__PROBLEM REQUIREMENTS__:
The answer must consist solely of the lines below starting at the one containing "后置三摄,包括4800万像素" and ending at the one containing "Based on the", repeated exactly, with both ends included and all pictures omitted.

══ SUPPLIED RECORDS ══

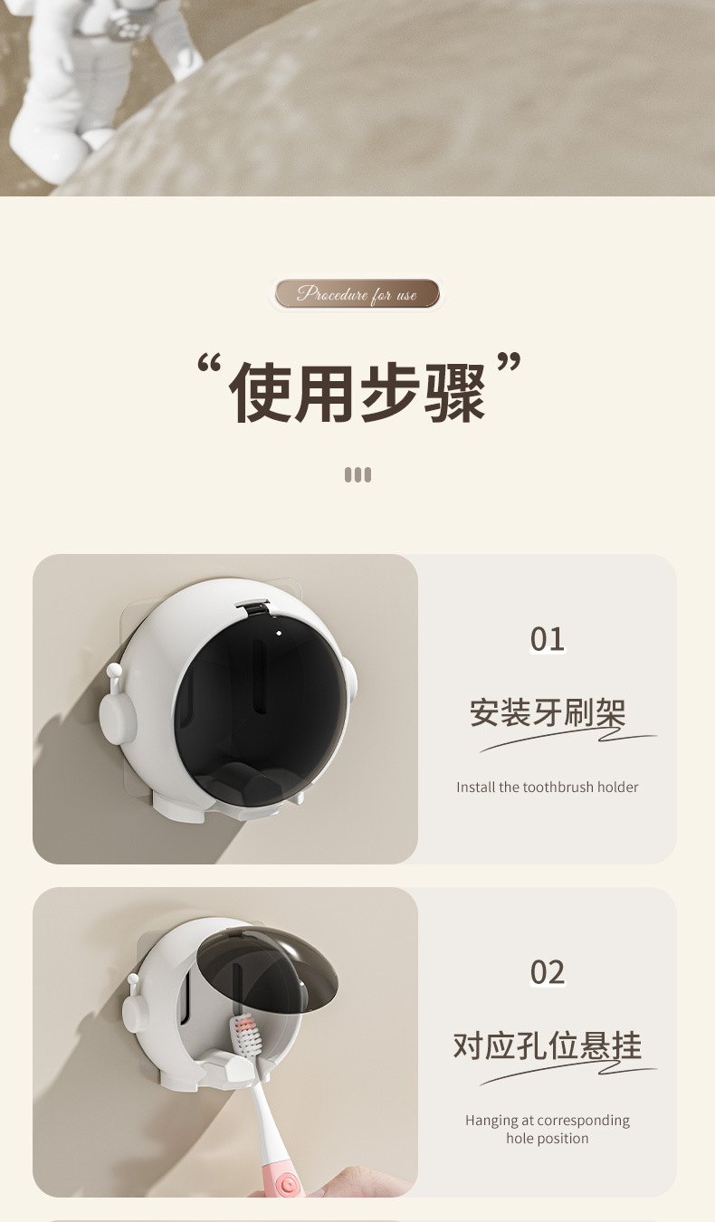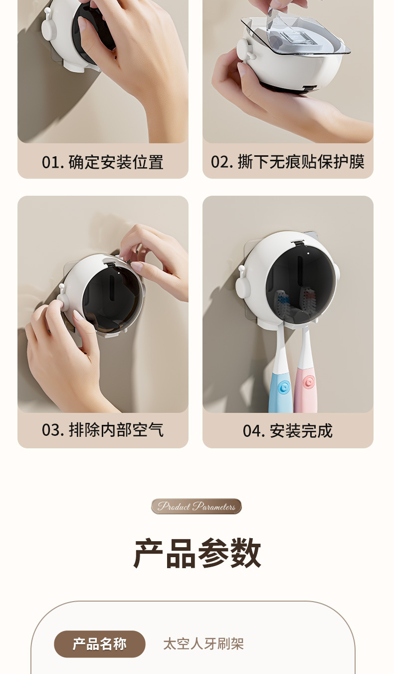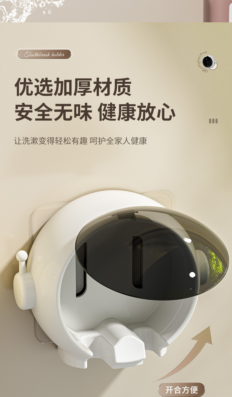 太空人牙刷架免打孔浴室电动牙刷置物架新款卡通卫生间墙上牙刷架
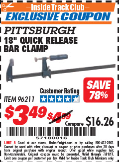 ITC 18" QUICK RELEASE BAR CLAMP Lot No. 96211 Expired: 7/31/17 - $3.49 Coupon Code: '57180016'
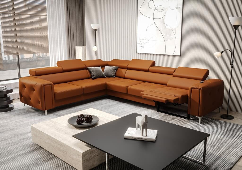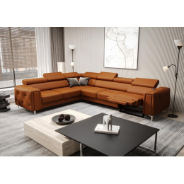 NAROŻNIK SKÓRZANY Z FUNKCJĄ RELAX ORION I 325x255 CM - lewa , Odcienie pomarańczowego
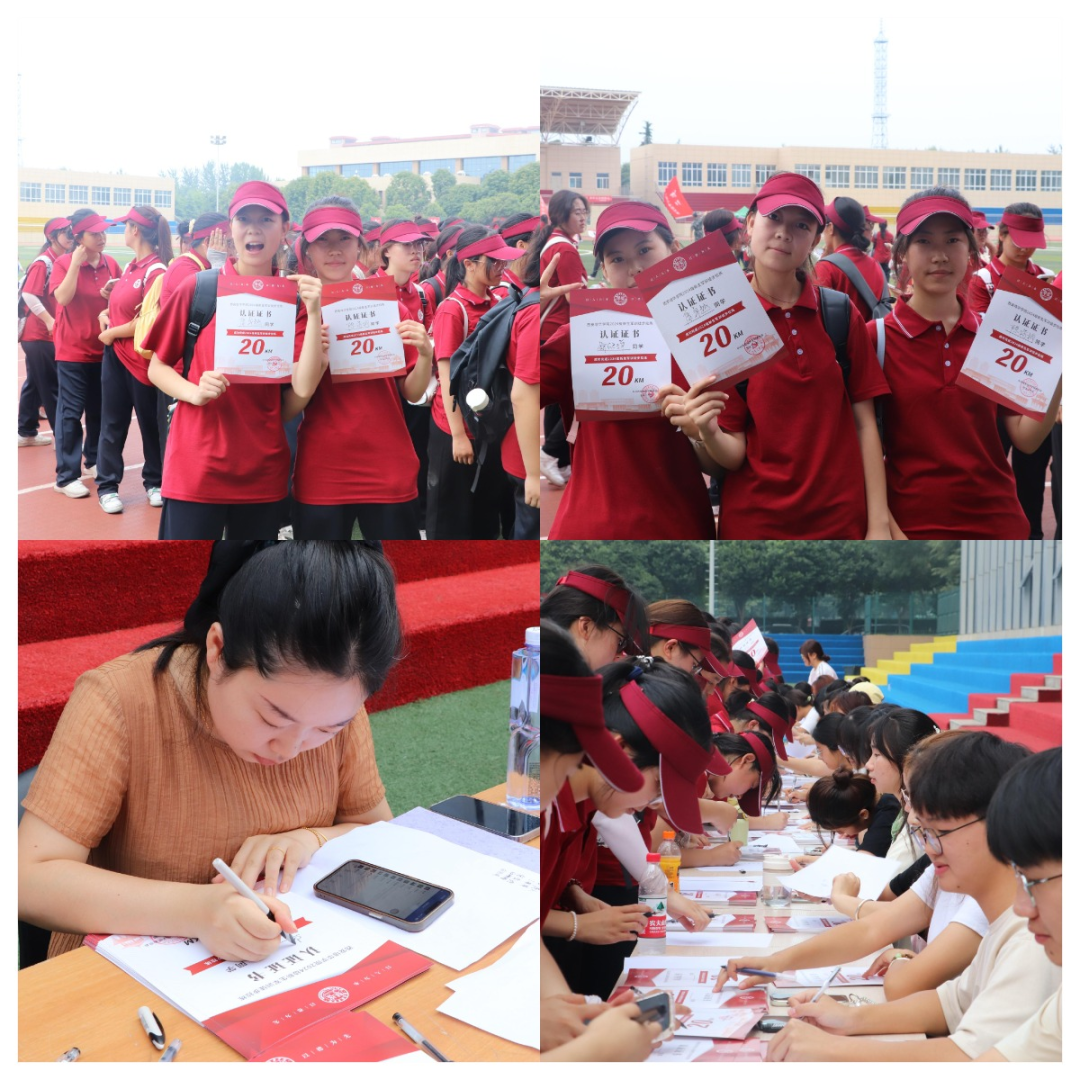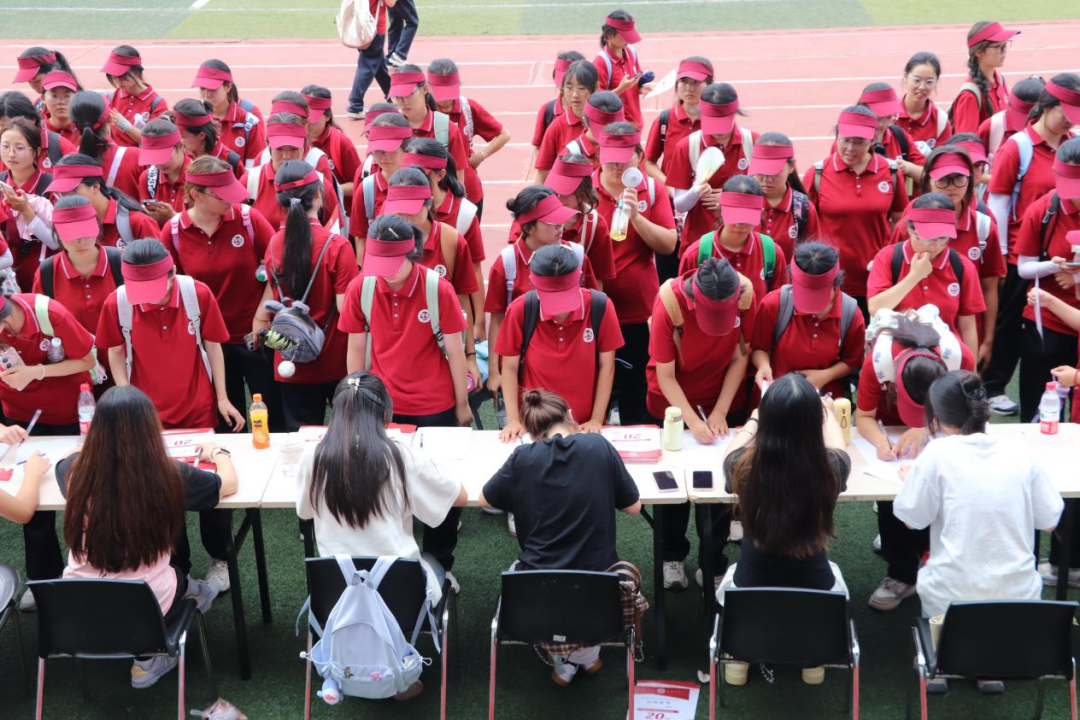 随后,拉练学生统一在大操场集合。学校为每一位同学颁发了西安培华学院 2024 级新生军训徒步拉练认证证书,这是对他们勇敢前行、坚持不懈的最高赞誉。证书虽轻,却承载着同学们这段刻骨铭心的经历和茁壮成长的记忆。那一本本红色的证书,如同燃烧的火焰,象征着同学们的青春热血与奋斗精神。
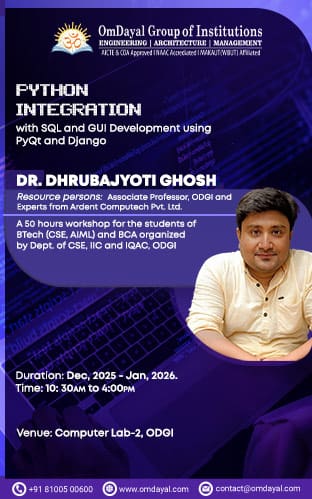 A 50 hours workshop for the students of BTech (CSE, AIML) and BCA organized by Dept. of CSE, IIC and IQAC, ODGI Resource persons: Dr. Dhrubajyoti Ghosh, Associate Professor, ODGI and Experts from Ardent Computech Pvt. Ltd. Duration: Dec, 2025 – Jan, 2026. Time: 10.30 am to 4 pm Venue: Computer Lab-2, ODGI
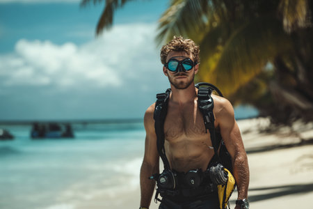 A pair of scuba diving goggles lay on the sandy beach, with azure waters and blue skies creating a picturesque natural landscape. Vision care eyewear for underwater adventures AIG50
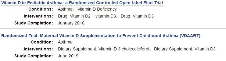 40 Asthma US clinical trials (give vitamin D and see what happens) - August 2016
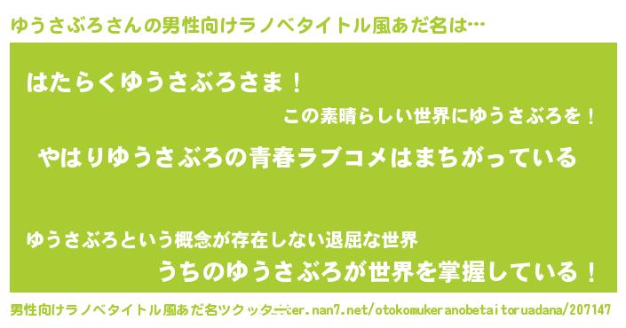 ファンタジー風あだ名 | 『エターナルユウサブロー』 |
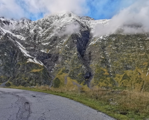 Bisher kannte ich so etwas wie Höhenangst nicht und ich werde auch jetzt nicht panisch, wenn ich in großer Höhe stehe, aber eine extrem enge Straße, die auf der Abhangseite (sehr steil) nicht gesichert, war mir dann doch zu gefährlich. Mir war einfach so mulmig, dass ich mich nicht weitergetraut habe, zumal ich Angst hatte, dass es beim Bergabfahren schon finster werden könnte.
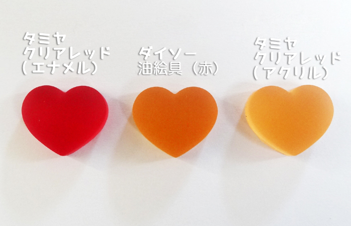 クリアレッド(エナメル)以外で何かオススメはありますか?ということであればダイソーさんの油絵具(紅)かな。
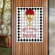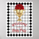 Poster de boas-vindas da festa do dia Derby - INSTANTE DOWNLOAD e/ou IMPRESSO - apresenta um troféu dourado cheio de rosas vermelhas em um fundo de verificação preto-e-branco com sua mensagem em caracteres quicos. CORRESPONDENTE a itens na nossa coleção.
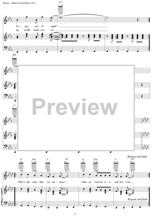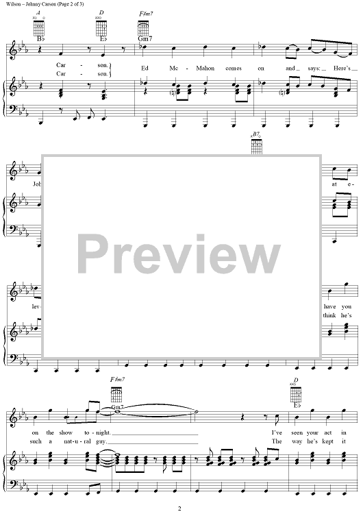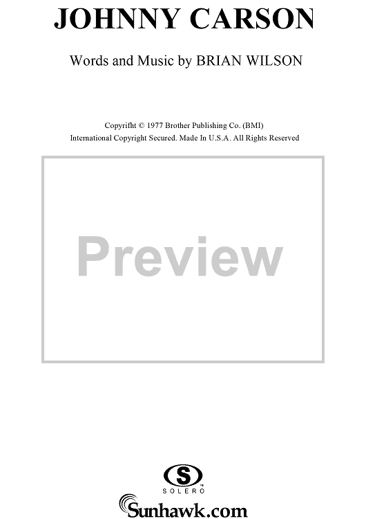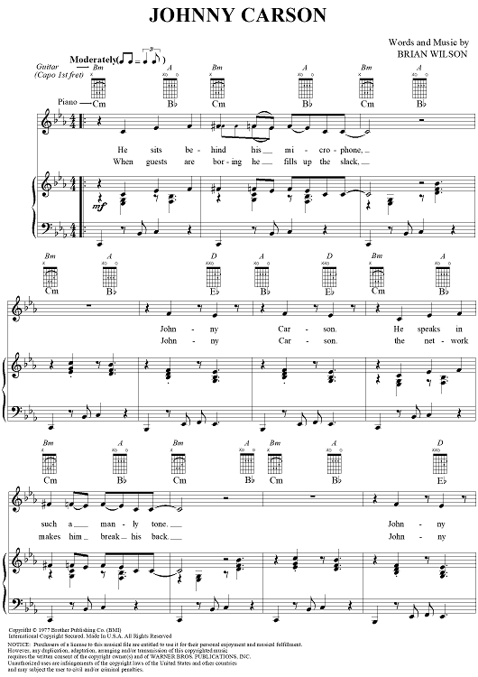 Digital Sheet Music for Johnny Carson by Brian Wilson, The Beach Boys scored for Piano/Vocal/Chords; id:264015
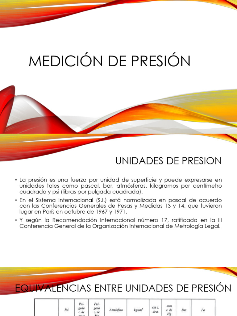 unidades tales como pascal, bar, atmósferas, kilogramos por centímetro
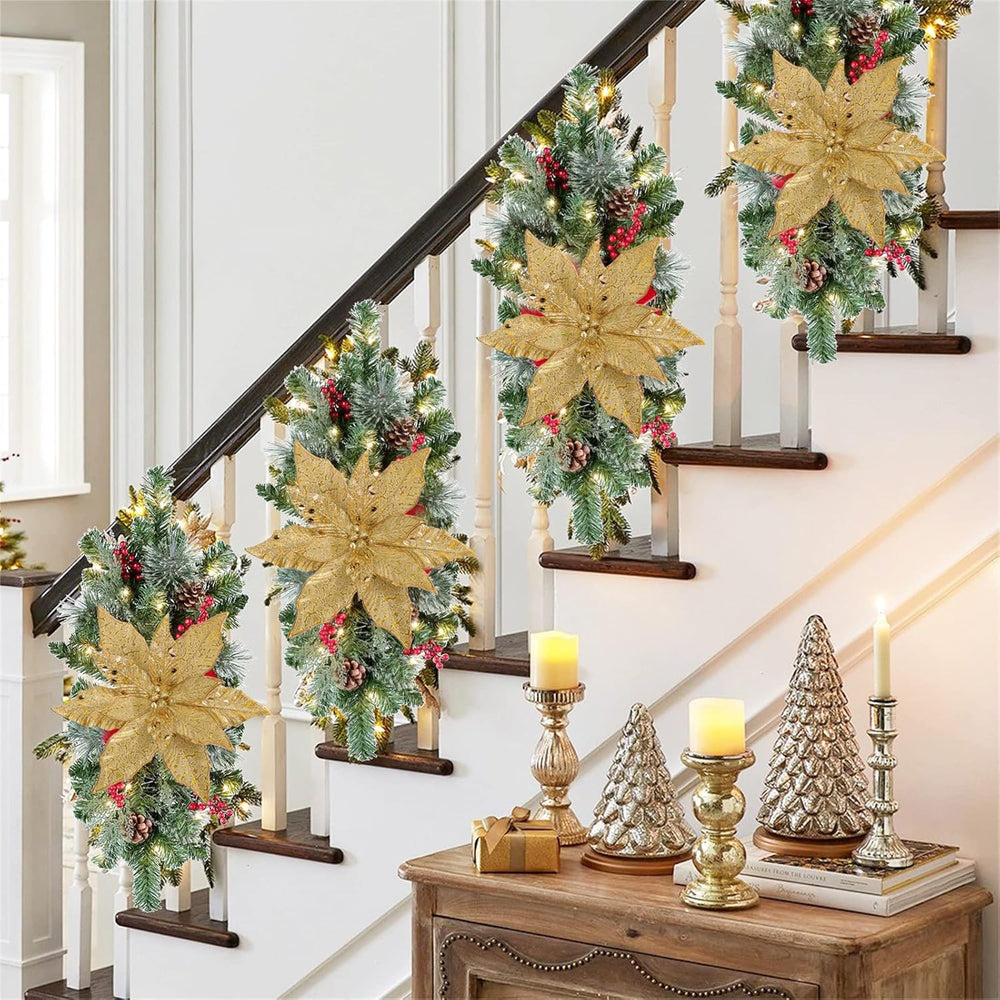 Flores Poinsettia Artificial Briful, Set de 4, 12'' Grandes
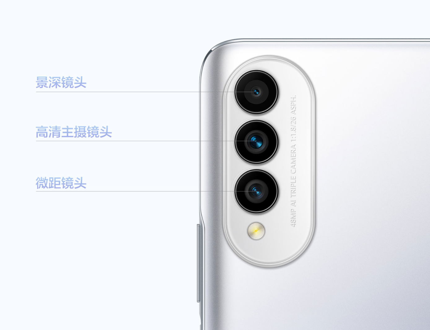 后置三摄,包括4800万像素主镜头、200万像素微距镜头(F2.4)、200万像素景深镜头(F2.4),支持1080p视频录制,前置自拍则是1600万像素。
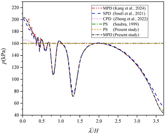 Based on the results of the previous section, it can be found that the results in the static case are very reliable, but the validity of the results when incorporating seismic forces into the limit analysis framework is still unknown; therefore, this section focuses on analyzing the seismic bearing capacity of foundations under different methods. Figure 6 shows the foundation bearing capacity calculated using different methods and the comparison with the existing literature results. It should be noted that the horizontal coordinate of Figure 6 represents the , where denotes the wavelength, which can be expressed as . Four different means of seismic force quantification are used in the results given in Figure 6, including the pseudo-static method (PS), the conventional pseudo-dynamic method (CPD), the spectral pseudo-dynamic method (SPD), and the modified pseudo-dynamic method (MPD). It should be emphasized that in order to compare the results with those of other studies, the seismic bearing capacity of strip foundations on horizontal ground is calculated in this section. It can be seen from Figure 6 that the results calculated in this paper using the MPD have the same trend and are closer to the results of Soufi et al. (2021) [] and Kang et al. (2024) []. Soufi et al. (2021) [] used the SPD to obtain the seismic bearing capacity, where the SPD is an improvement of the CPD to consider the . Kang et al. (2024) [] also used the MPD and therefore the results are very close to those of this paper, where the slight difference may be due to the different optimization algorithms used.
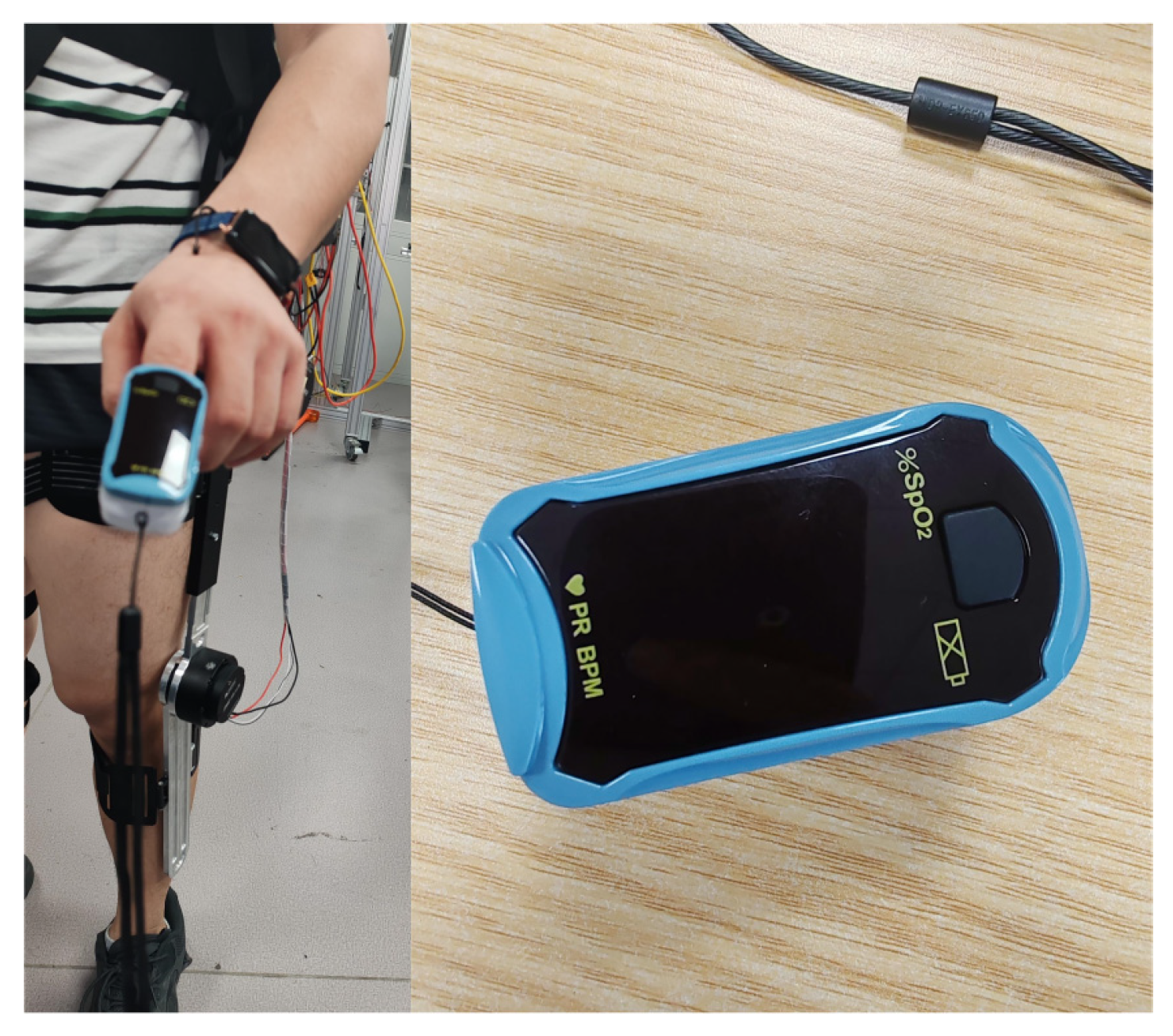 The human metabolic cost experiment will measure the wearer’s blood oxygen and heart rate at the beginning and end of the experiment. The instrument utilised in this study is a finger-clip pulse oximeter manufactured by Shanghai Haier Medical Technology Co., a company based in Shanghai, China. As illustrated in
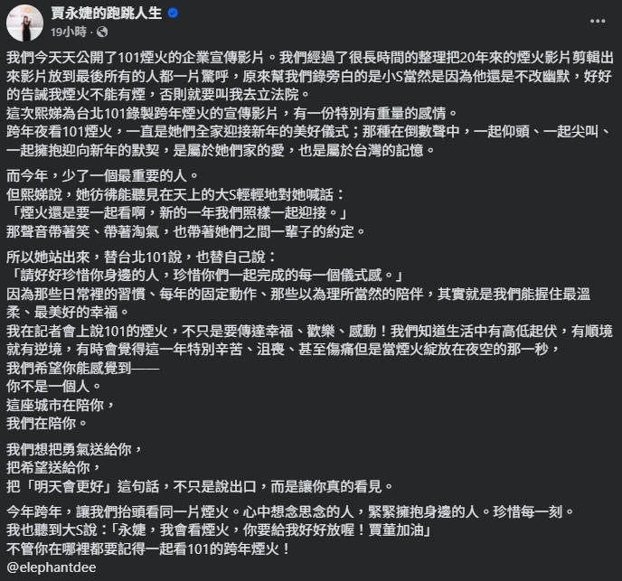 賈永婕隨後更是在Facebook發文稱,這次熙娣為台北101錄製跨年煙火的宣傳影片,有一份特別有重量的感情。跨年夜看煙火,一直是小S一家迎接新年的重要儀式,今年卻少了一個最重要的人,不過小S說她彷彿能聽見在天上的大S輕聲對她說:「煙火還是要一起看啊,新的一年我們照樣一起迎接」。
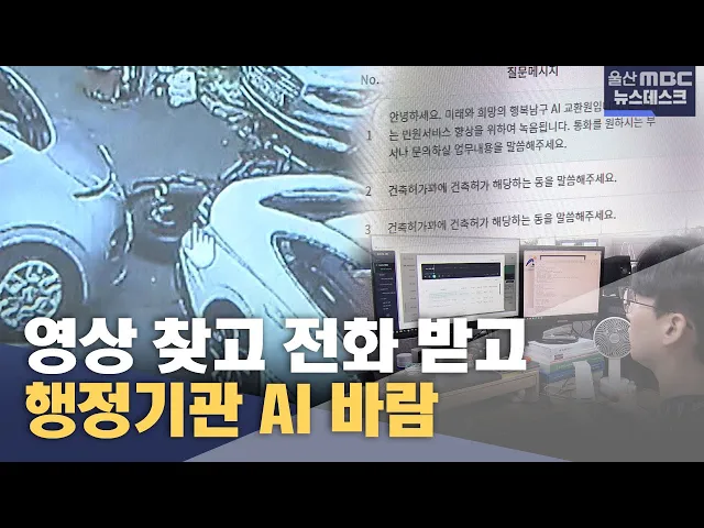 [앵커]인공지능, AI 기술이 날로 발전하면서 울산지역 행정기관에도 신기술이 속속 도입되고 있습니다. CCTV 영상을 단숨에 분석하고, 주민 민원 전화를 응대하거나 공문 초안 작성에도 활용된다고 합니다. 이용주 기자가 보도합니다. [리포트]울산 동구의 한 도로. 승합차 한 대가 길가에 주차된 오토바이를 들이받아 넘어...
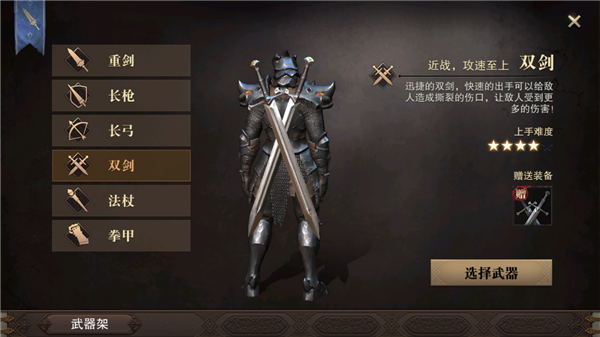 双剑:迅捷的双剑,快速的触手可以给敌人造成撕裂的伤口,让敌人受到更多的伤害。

═══

__EXPECTED ANSWER__:
 后置三摄,包括4800万像素主镜头、200万像素微距镜头(F2.4)、200万像素景深镜头(F2.4),支持1080p视频录制,前置自拍则是1600万像素。
 Based on the results of the previous section, it can be found that the results in the static case are very reliable, but the validity of the results when incorporating seismic forces into the limit analysis framework is still unknown; therefore, this section focuses on analyzing the seismic bearing capacity of foundations under different methods. Figure 6 shows the foundation bearing capacity calculated using different methods and the comparison with the existing literature results. It should be noted that the horizontal coordinate of Figure 6 represents the , where denotes the wavelength, which can be expressed as . Four different means of seismic force quantification are used in the results given in Figure 6, including the pseudo-static method (PS), the conventional pseudo-dynamic method (CPD), the spectral pseudo-dynamic method (SPD), and the modified pseudo-dynamic method (MPD). It should be emphasized that in order to compare the results with those of other studies, the seismic bearing capacity of strip foundations on horizontal ground is calculated in this section. It can be seen from Figure 6 that the results calculated in this paper using the MPD have the same trend and are closer to the results of Soufi et al. (2021) [] and Kang et al. (2024) []. Soufi et al. (2021) [] used the SPD to obtain the seismic bearing capacity, where the SPD is an improvement of the CPD to consider the . Kang et al. (2024) [] also used the MPD and therefore the results are very close to those of this paper, where the slight difference may be due to the different optimization algorithms used.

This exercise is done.